What you will do: Exact reproductions of all the entries, please, and no pictures.

####

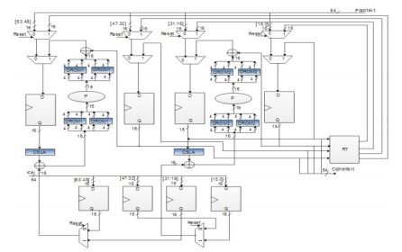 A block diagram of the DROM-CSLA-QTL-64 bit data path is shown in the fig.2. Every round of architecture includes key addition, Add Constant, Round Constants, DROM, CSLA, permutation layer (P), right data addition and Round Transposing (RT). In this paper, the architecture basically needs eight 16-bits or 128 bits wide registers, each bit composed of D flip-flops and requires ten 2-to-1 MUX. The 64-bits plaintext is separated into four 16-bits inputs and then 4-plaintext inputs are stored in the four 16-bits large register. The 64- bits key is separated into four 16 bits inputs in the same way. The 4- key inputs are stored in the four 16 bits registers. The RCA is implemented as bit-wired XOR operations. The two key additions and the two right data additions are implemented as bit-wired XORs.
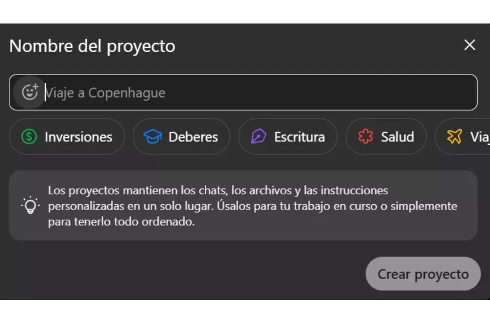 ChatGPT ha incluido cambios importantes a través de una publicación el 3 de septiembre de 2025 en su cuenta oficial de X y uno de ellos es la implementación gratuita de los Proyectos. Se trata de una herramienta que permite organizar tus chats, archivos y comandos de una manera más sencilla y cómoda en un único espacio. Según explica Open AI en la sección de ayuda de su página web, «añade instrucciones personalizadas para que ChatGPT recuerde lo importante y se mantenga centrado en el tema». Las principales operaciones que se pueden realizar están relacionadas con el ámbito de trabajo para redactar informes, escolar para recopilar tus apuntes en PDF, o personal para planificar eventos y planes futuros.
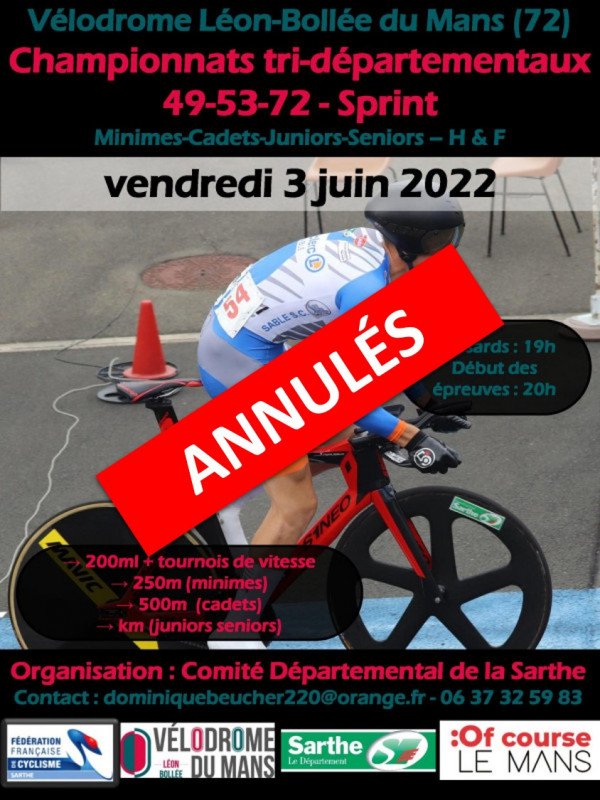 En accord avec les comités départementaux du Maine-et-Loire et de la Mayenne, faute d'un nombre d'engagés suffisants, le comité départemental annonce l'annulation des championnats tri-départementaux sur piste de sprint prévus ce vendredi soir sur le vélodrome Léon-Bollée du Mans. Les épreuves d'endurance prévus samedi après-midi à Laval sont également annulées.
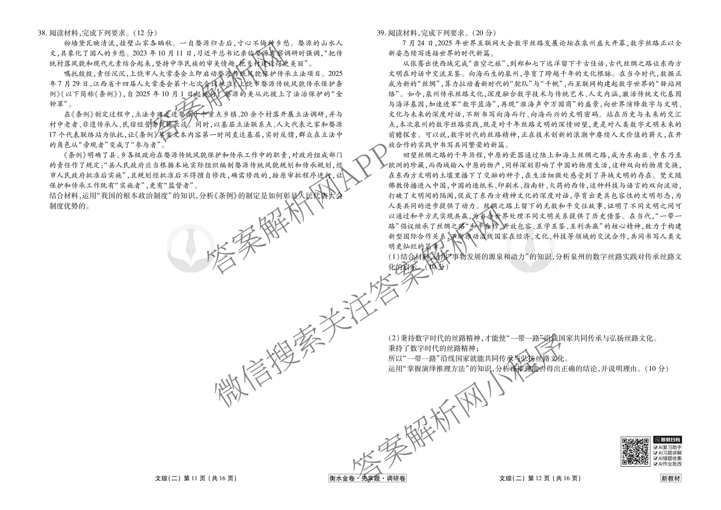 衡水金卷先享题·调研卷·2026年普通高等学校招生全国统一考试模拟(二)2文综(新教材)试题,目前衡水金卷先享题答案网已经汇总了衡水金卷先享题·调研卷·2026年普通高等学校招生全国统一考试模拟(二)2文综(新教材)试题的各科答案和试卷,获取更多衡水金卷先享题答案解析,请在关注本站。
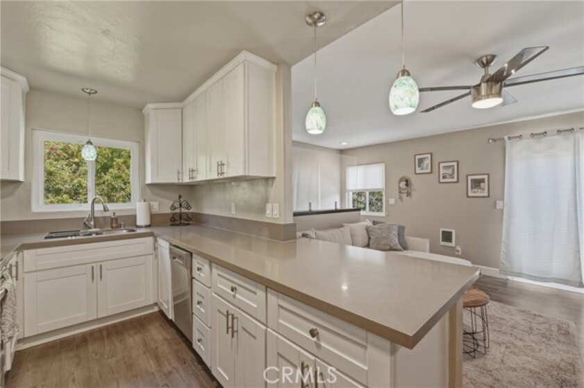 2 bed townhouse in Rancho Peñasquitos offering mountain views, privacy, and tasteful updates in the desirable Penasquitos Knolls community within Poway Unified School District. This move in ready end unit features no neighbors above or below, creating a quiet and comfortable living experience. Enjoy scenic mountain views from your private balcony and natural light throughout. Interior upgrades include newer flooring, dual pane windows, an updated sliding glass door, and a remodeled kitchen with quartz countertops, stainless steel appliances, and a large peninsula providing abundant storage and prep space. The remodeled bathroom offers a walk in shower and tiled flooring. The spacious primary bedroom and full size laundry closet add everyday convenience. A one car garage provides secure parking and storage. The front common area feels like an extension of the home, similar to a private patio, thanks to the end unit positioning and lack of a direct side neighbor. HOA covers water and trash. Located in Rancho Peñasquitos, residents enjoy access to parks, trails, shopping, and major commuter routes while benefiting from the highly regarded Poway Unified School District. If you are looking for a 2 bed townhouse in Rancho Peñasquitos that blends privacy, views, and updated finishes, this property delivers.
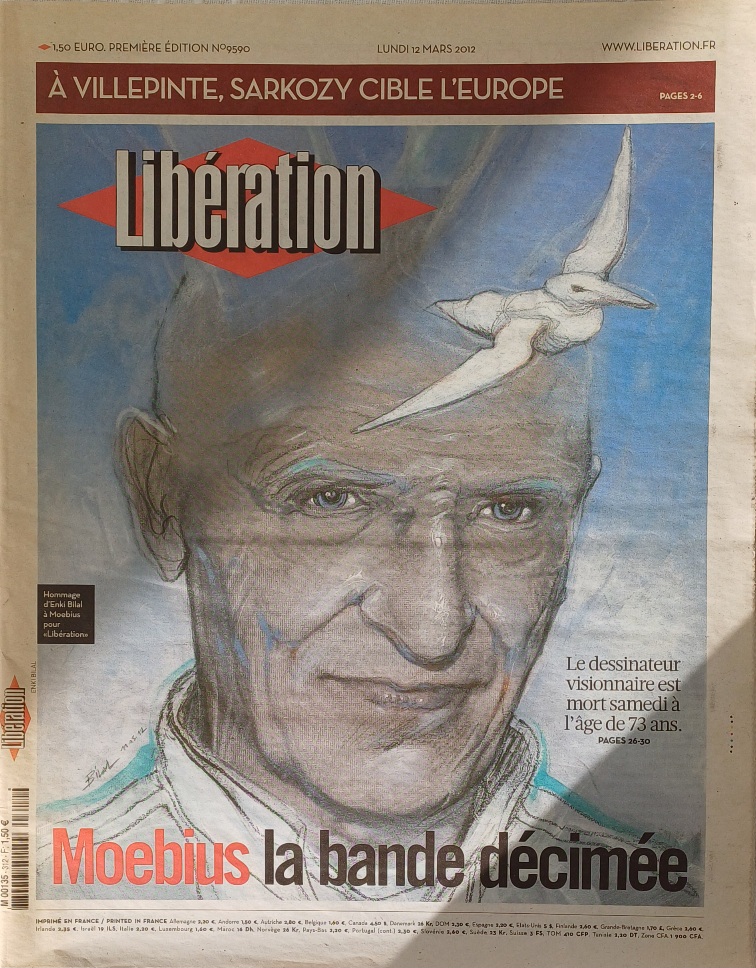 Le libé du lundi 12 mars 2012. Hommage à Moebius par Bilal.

####

Task output:
 A block diagram of the DROM-CSLA-QTL-64 bit data path is shown in the fig.2. Every round of architecture includes key addition, Add Constant, Round Constants, DROM, CSLA, permutation layer (P), right data addition and Round Transposing (RT). In this paper, the architecture basically needs eight 16-bits or 128 bits wide registers, each bit composed of D flip-flops and requires ten 2-to-1 MUX. The 64-bits plaintext is separated into four 16-bits inputs and then 4-plaintext inputs are stored in the four 16-bits large register. The 64- bits key is separated into four 16 bits inputs in the same way. The 4- key inputs are stored in the four 16 bits registers. The RCA is implemented as bit-wired XOR operations. The two key additions and the two right data additions are implemented as bit-wired XORs.
 ChatGPT ha incluido cambios importantes a través de una publicación el 3 de septiembre de 2025 en su cuenta oficial de X y uno de ellos es la implementación gratuita de los Proyectos. Se trata de una herramienta que permite organizar tus chats, archivos y comandos de una manera más sencilla y cómoda en un único espacio. Según explica Open AI en la sección de ayuda de su página web, «añade instrucciones personalizadas para que ChatGPT recuerde lo importante y se mantenga centrado en el tema». Las principales operaciones que se pueden realizar están relacionadas con el ámbito de trabajo para redactar informes, escolar para recopilar tus apuntes en PDF, o personal para planificar eventos y planes futuros.
 En accord avec les comités départementaux du Maine-et-Loire et de la Mayenne, faute d'un nombre d'engagés suffisants, le comité départemental annonce l'annulation des championnats tri-départementaux sur piste de sprint prévus ce vendredi soir sur le vélodrome Léon-Bollée du Mans. Les épreuves d'endurance prévus samedi après-midi à Laval sont également annulées.
 衡水金卷先享题·调研卷·2026年普通高等学校招生全国统一考试模拟(二)2文综(新教材)试题,目前衡水金卷先享题答案网已经汇总了衡水金卷先享题·调研卷·2026年普通高等学校招生全国统一考试模拟(二)2文综(新教材)试题的各科答案和试卷,获取更多衡水金卷先享题答案解析,请在关注本站。
 2 bed townhouse in Rancho Peñasquitos offering mountain views, privacy, and tasteful updates in the desirable Penasquitos Knolls community within Poway Unified School District. This move in ready end unit features no neighbors above or below, creating a quiet and comfortable living experience. Enjoy scenic mountain views from your private balcony and natural light throughout. Interior upgrades include newer flooring, dual pane windows, an updated sliding glass door, and a remodeled kitchen with quartz countertops, stainless steel appliances, and a large peninsula providing abundant storage and prep space. The remodeled bathroom offers a walk in shower and tiled flooring. The spacious primary bedroom and full size laundry closet add everyday convenience. A one car garage provides secure parking and storage. The front common area feels like an extension of the home, similar to a private patio, thanks to the end unit positioning and lack of a direct side neighbor. HOA covers water and trash. Located in Rancho Peñasquitos, residents enjoy access to parks, trails, shopping, and major commuter routes while benefiting from the highly regarded Poway Unified School District. If you are looking for a 2 bed townhouse in Rancho Peñasquitos that blends privacy, views, and updated finishes, this property delivers.
 Le libé du lundi 12 mars 2012. Hommage à Moebius par Bilal.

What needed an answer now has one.